(Dataset excerpts)
__________________________________________________
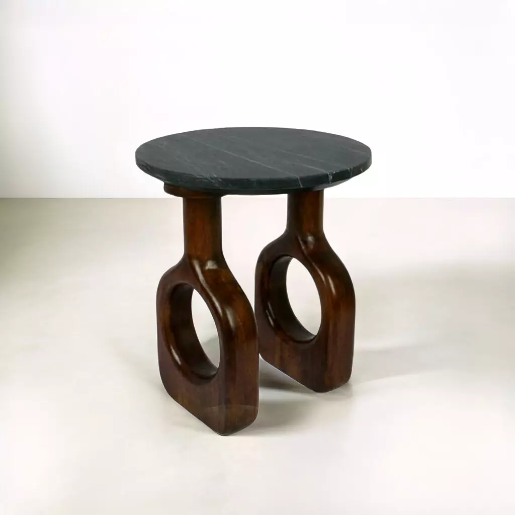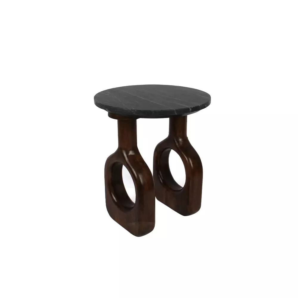 طاولة جانبية سطح رخام فينولر - اسود وخشبي غامق
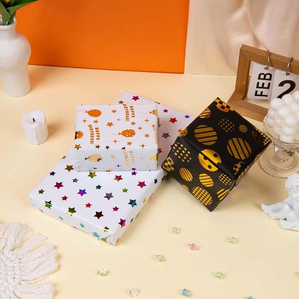 【Sophisticated workmanship and durable materials】: 80 GSM (grams per square meter) density with sturdy thickness—tear-resistant and durable for long-lasting use.Foil-stamped accents and mixed-design motifs elevate elegance.
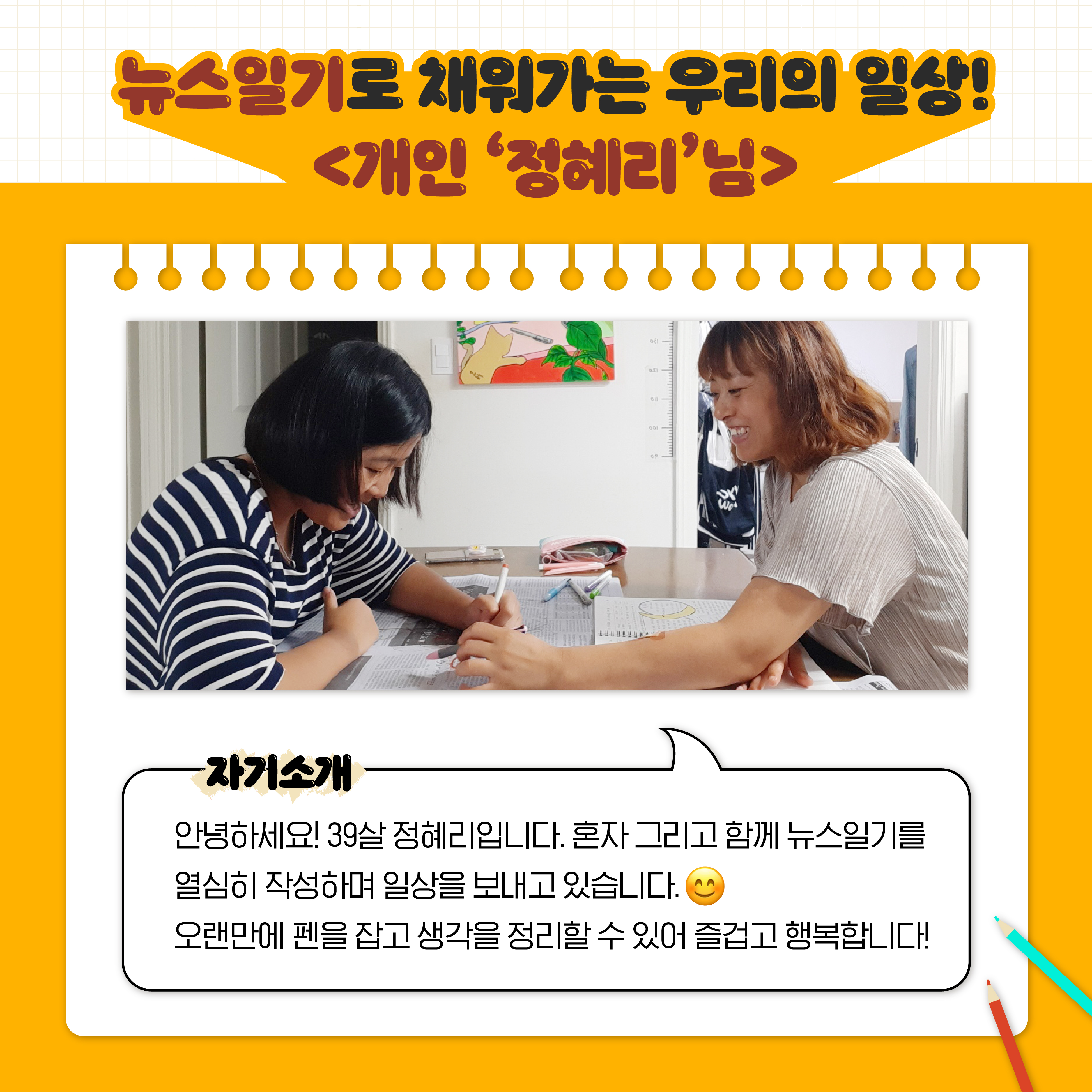 뉴스일기로 인해 펜을 오랜만에 잡을 수 있어서 행복하시다네요~!
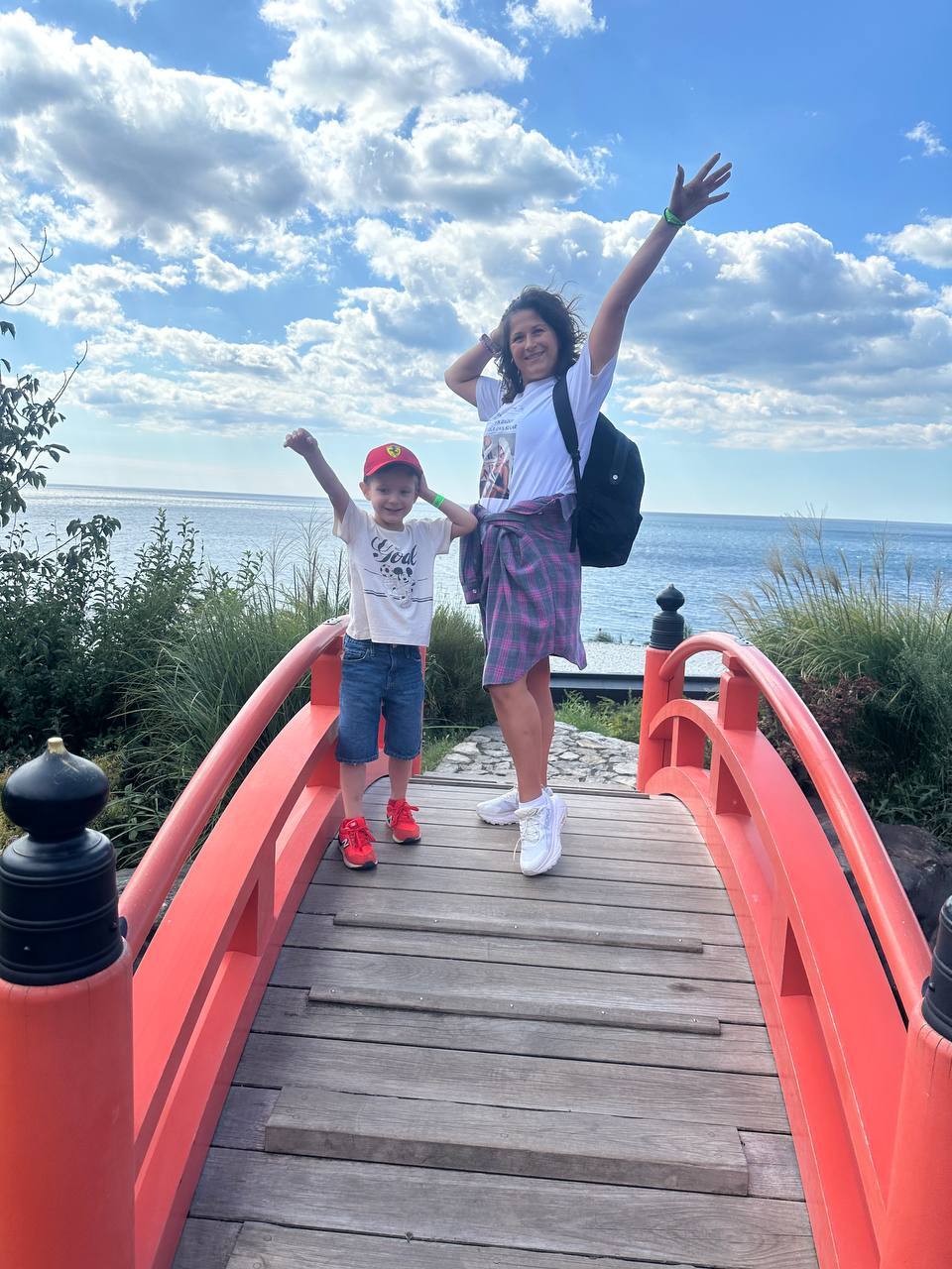 Мы пришли на парящий мост – такой есть, например, в Москве, в парке Зарядье. Мост прозрачный, через перила видно море, и кажется, что ты находишься в воздухе. Очень красиво!
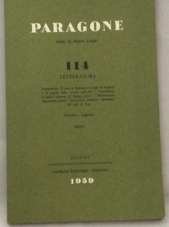 PARAGONE. LETTERATURA. ANNO 1959 NUMERO 114
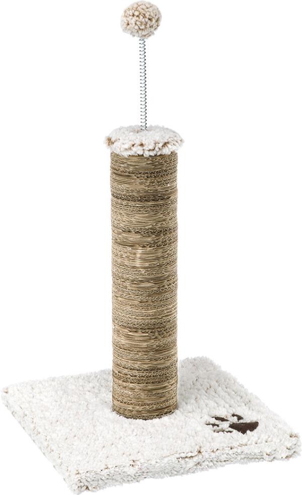 Столбик-когтеточка имеет центральную колонну из прочного картона, маленькую игрушку в виде шарика, закрепленного на пружинке, и мягкое квадратное основание с обивкой из плюша.
__________________________________________________
What is needed here is an exact copy of all the entries, without the pictures.

## TASK ANSWER:
 طاولة جانبية سطح رخام فينولر - اسود وخشبي غامق
 【Sophisticated workmanship and durable materials】: 80 GSM (grams per square meter) density with sturdy thickness—tear-resistant and durable for long-lasting use.Foil-stamped accents and mixed-design motifs elevate elegance.
 뉴스일기로 인해 펜을 오랜만에 잡을 수 있어서 행복하시다네요~!
 Мы пришли на парящий мост – такой есть, например, в Москве, в парке Зарядье. Мост прозрачный, через перила видно море, и кажется, что ты находишься в воздухе. Очень красиво!
 PARAGONE. LETTERATURA. ANNO 1959 NUMERO 114
 Столбик-когтеточка имеет центральную колонну из прочного картона, маленькую игрушку в виде шарика, закрепленного на пружинке, и мягкое квадратное основание с обивкой из плюша.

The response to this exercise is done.